El Real Madrid ha pasado a la acción tras los graves incidentes ocurridos el pasado martes en el Estádio da Luz. El club blanco ha emitido un comunicado oficial este jueves confirmando que ya ha remitido a la UEFA todos los informes y evidencias audiovisuales recabados por su propia investigación interna. El objetivo es que el organismo europeo actúe con la máxima contundencia contra el jugador del Benfica, Gianluca Prestianni, a quien se acusa de haber proferido insultos racistas contra Vinicius Jr. durante el partido de ida del playoff de la Champions League.
Los hechos se desencadenaron en el minuto 51, justo después de que Vinicius anotara el gol de la victoria y realizara su habitual celebración en el córner. En medio de un clima de máxima hostilidad y lanzamiento de objetos, el delantero brasileño denunció que Prestianni le llamó «mono» en repetidas ocasiones. El colegiado francés François Letexier, tras recibir el aviso de Vinicius y de testigos directos como Kylian Mbappé —quien asegura que los insultos se repitieron al menos cinco veces—, activó el protocolo antirracismo de la UEFA, deteniendo el encuentro durante diez minutos en una imagen que ya ha dado la vuelta al mundo.
La defensa del Real Madrid se centra en desmontar la coartada de Prestianni, quien se tapó la boca con la camiseta durante el altercado para evitar que las cámaras captaran sus palabras. Mientras el jugador argentino niega rotundamente las acusaciones en sus redes sociales, calificándolas de «malinterpretación», Vinicius ha sido tajante: «Los racistas son, ante todo, cobardes; necesitan ponerse la camisa en la boca para demostrar lo débiles que son». El club blanco ha querido agradecer el apoyo unánime del fútbol mundial hacia su jugador, pero critica la ejecución del protocolo arbitral, que terminó con una tarjeta amarilla para el propio Vinicius por celebrar su gol.

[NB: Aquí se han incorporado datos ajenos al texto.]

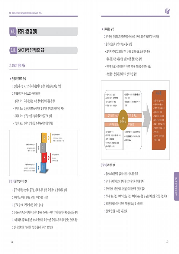 6.1. 중장기 비전 및 전략 6.1.1. SWOT 분석 및 전략방향 도출 가. SWOT 분석 개요 ▶ 환경요인 PEST 분석 ?? 전략관리 구성 요소 중 거시적 관점에서 환경에 대한 분석을 하는 기법 ?? 환경요인 분석 구성 요소는 다음과 같음 정치적 요소국가 자연환경 보전 정책의 변화와 친환경 정책 경제적 요소4차산업혁명과 공유경제 및 데이터 경제로의 패러다임 변화 사회적 요소인구감소 및 고령화 사회로 인구구조 변화 기술적 요소인간의 삶의 질을 개선하는 미래기술의 확산 [그림 93] 환경요인 PEST 분석 ?? 공공기관 혁신측면에서 공공성, 사회적 가치 실현, 국민 참여 및 협력 확대 강화 ?? 세대 및 소비패턴 변화로 동영상 서비스시장 급상승 ?? 인구의 감소와 고령화에 따른 대비가 필요함 ?? 성장 ...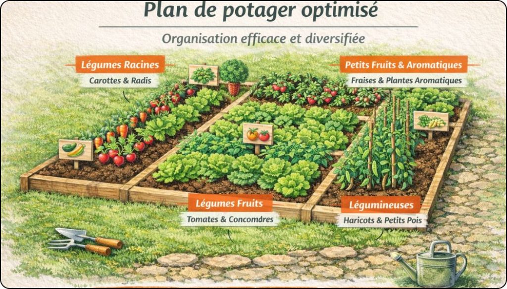 Un plan de potager permet donc de garder une logique simple, claire et efficace dès le départ.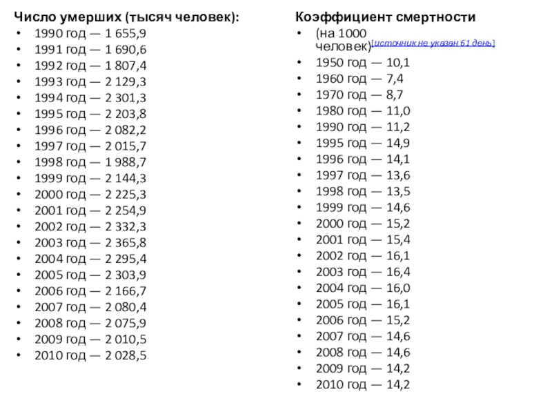 1990 — 13,4 на 1000 чел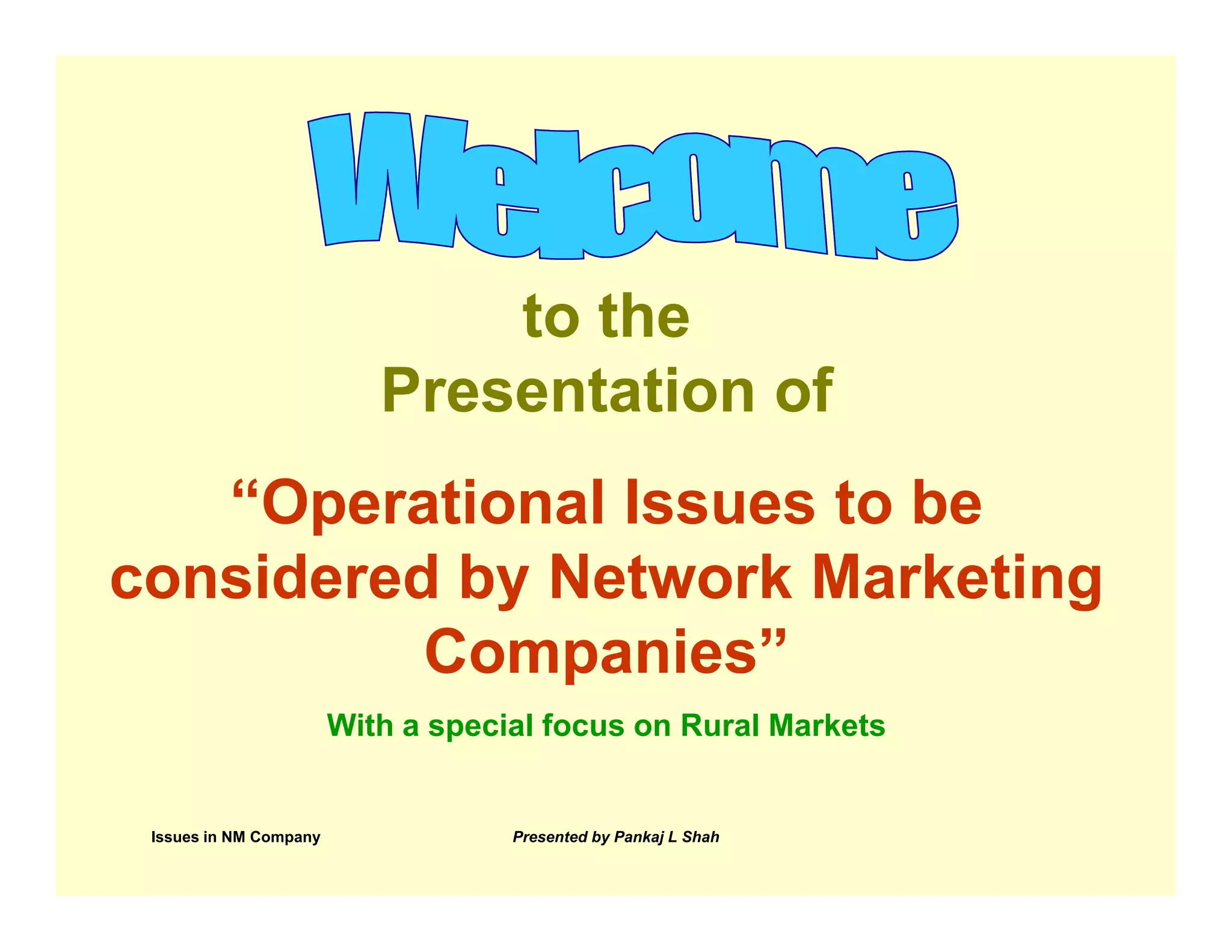 The document discusses operational issues for network marketing companies, especially those targeting rural markets. It covers topics like capital requirements, risks, infrastructure needs, and business skills required. It then discusses the advantages of network marketing like low capital needs, low risks, and immediate income. Specific issues covered include company formation, VAT registration, banker selection, product selection and distribution challenges in rural areas, commission plan and payment options, and network development challenges. The presentation argues that an ideal network marketing company forms a synergistic association with those who think and dream differently.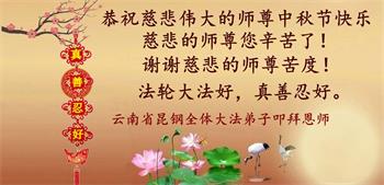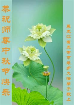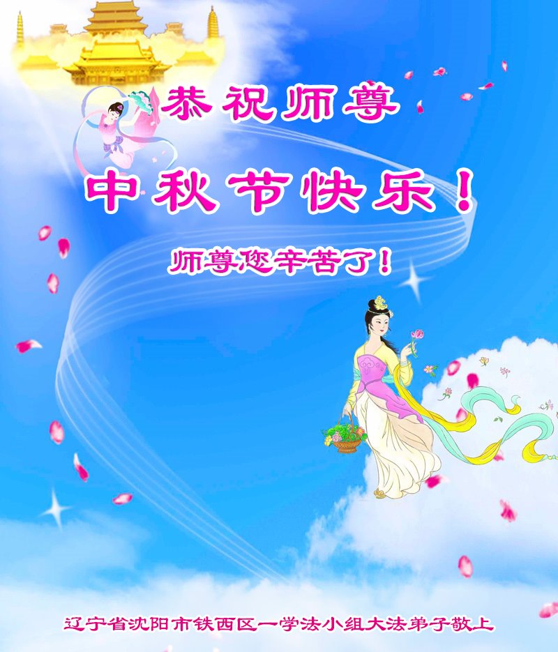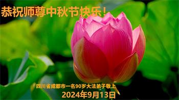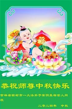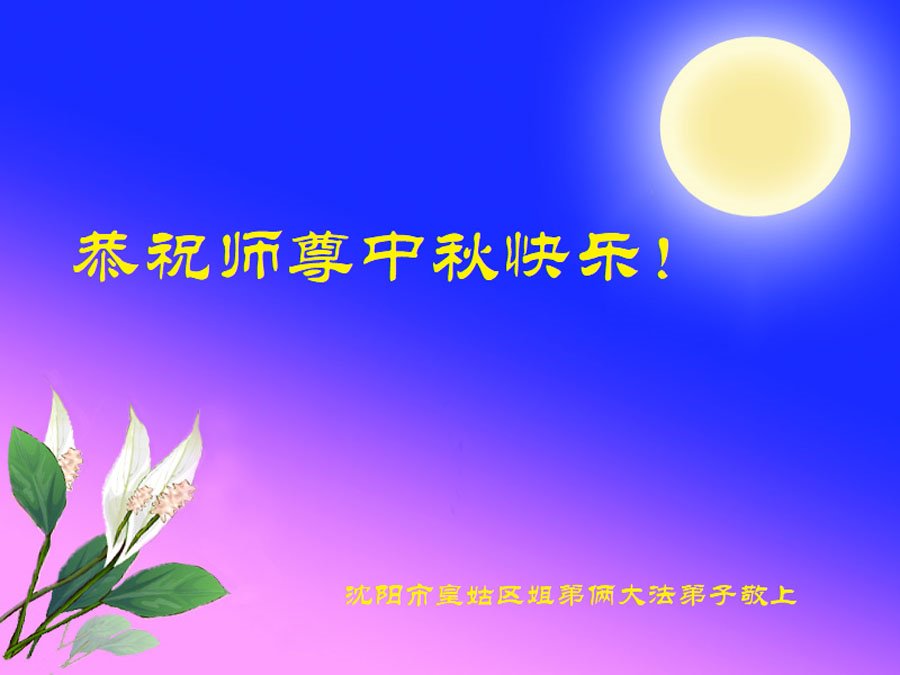 越修炼到最后,越想念师尊,恭祝师尊中秋节快乐!我每天都听师父的话,忙着打电话讲真相,多年来白天打营救电话,晚间劝三退,每天乐呵呵地,和同修配合的非常好。感激师父的加持!弟子今后要救度更多众生,完成师父赋予的历史使命,高高兴兴地跟师父回家。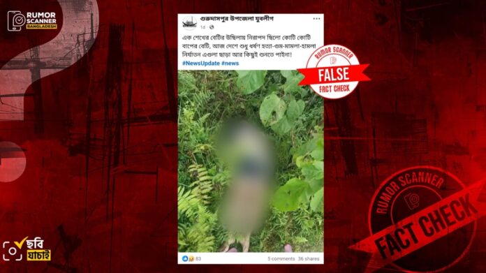 রিউমর স্ক্যানার টিমের অনুসন্ধানে জানা যায়, আলোচিত ধর্ষণের পর হত্যার অভিযোগে প্রচারিত ছবিটি বাংলাদেশের নয় বরং ভারতের ঘটনাকে বাংলাদেশের দাবিতে প্রচার হচ্ছে।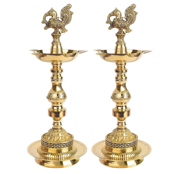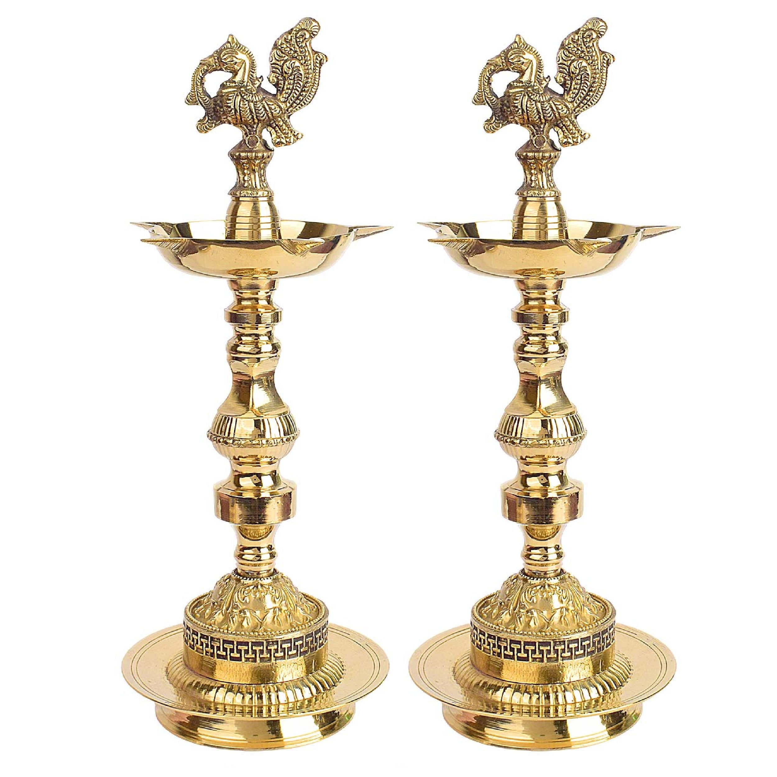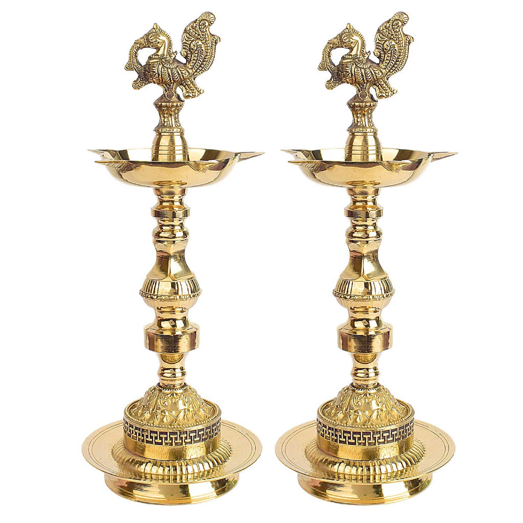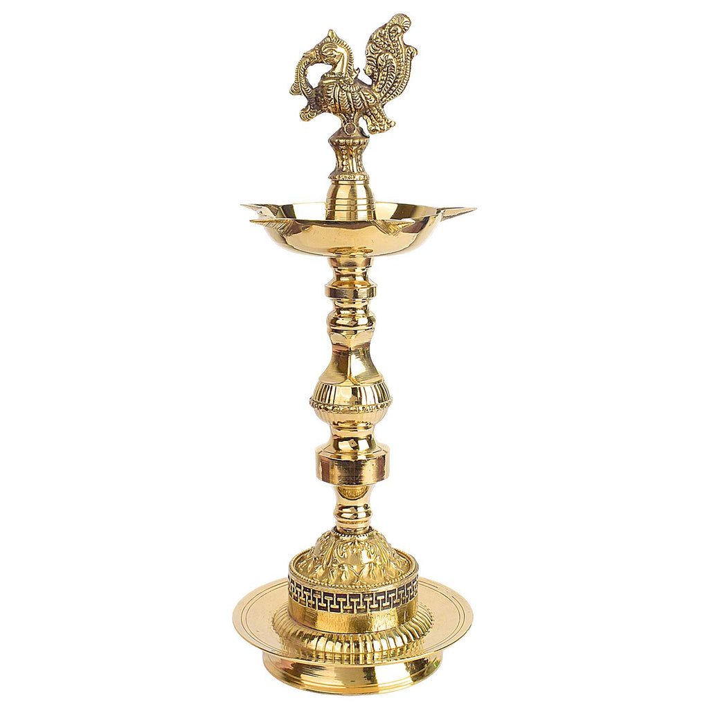 Buy 12 Inch Embossed Peacock Kerala Stand 1 Step Diya | Satvikstore.in – satvikstore.in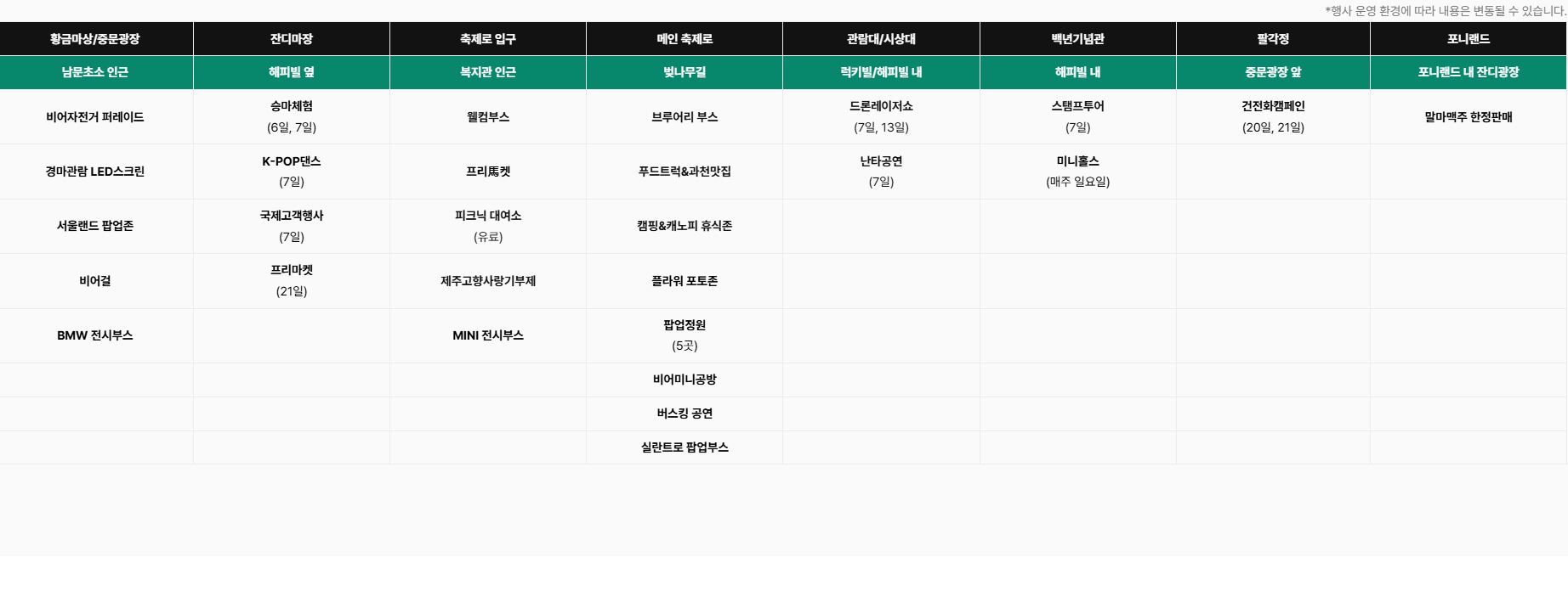 - 비어자전거: 매주 토·일 (15시~18시 매시간, 토요일만 20시 추가 회차)

La UEFA ha designado a un Inspector de Ética y Disciplina para llevar a cabo una investigación exprés, ya que el partido de vuelta se disputa el próximo miércoles 25 de febrero en el Santiago Bernabéu. El código disciplinario de la UEFA es severo ante este tipo de conductas: de confirmarse los insultos, Prestianni podría enfrentarse a una suspensión mínima de diez partidos. El Real Madrid, por su parte, ha reafirmado su compromiso de trabajar junto a las instituciones para erradicar el odio del deporte, subrayando que este caso no es un incidente aislado, sino un problema estructural que requiere sanciones ejemplares.